You need deep know-how of how these signals work because these are time-series signals. It is very different than large language models or image models, right? We have that deep know-how. With that, we are very excited about what we can do. Specifically for this year, on the seizure management front, as I mentioned, we will continue to grow our account acquisition as well as utilization in the existing account. At the beginning of the year, we said we also continue to grow in the VA system. Beginning of the year, we said we are going, we submitted pediatric Clarity in Q4 last year. We already gained FDA clearance on pediatric. We also plan to submit FDA clearance or application for neonate Clarity, as well as using EEG and AI for delirium. All that submission, we plan to happen this year.

We're very excited about the impact there. We are also continuously investing in existing platforms. For example, we potentially would start offering videos because in some of the situations, it's very beneficial for neurologists to see patients on video besides EEG. We'll also start offering EMR integration because that can significantly save further nursing time and help hospitals to bill and the patient record in a much frequent way, in a much easier way. We also are providing more product features for physician notification so physicians can decide when they want to get notified, at what time, on what patient population. All this will further improve user experience and increase the stickiness. With that, this is a platform and technology that actually saves lives every day as we are talking. It potentially significantly improves patients' clinical outcome as well.

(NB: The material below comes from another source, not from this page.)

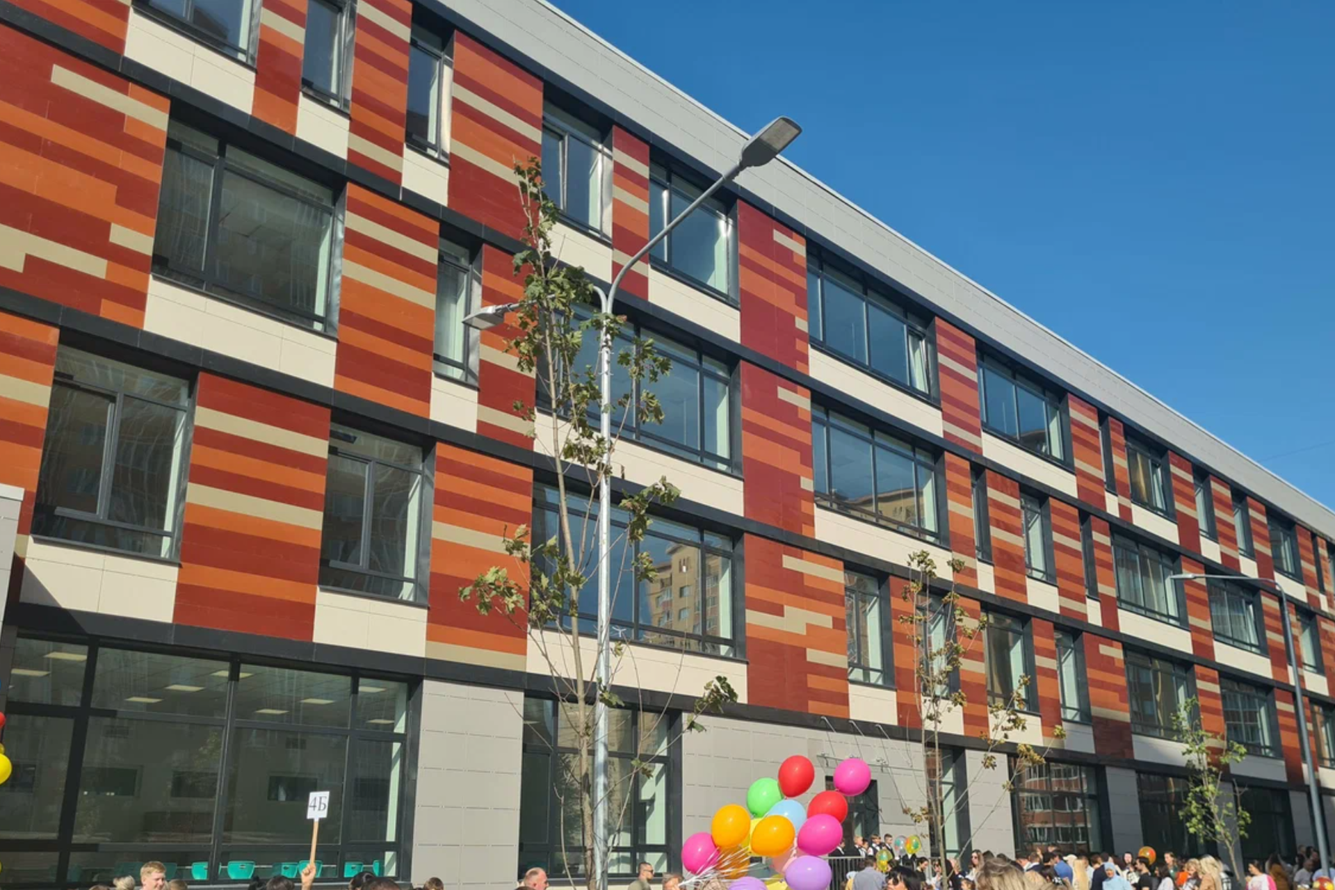 Облицовочный материал: металлокассеты, крупноформатный керамогранит (видимое крепление)

It helps hospitals to save money, keep their patients in reduced length of stay. We have developed a proven approach for commercialization in account acquisition and really also start early success in driving utilization. The revenue is highly recurring with very high margin, significant TAM already U.S. alone, and further opportunity to expand our TAM, help more patients, and also drive the commercial success. We are very excited. Thank you for your attention. We are happy to take any questions

Margaret Kazer Andrew
Analyst, William Blair

We have time for, oh, perfect. Please.

Scott Blumberg
CFO, Ceribell

Yeah. So it's usually the subset of the patient population you see here. And then to estimate the TAM, we look at the guideline and work with the physicians. So one example, there is a level one AHA, American Heart Association guideline on post-cardiac arrest patients. If they are still comatose, they require, the society recommends rapid, prompt EEG monitoring for seizure management, right? So then we look at all the cardiac arrest patients, how many of them are comatose after the initial survival. And then we use that as a population, not the entire cardiac arrest patient as the TAM calculation.

Correct. Correct.

It's less about indication. So on the FDA indication front, doctors can order this for anyone. There is no patient population constraint. It's more from a clinical practice perspective. Doctors want to follow the guideline. Sorry, I cut you off. What is that?

Yeah.

Jane Chao
CEO, Ceribell

Perfect. With that, we're out of time. Thank you for the question. The breakout will be in Burnham A upstairs. Thank you, guys.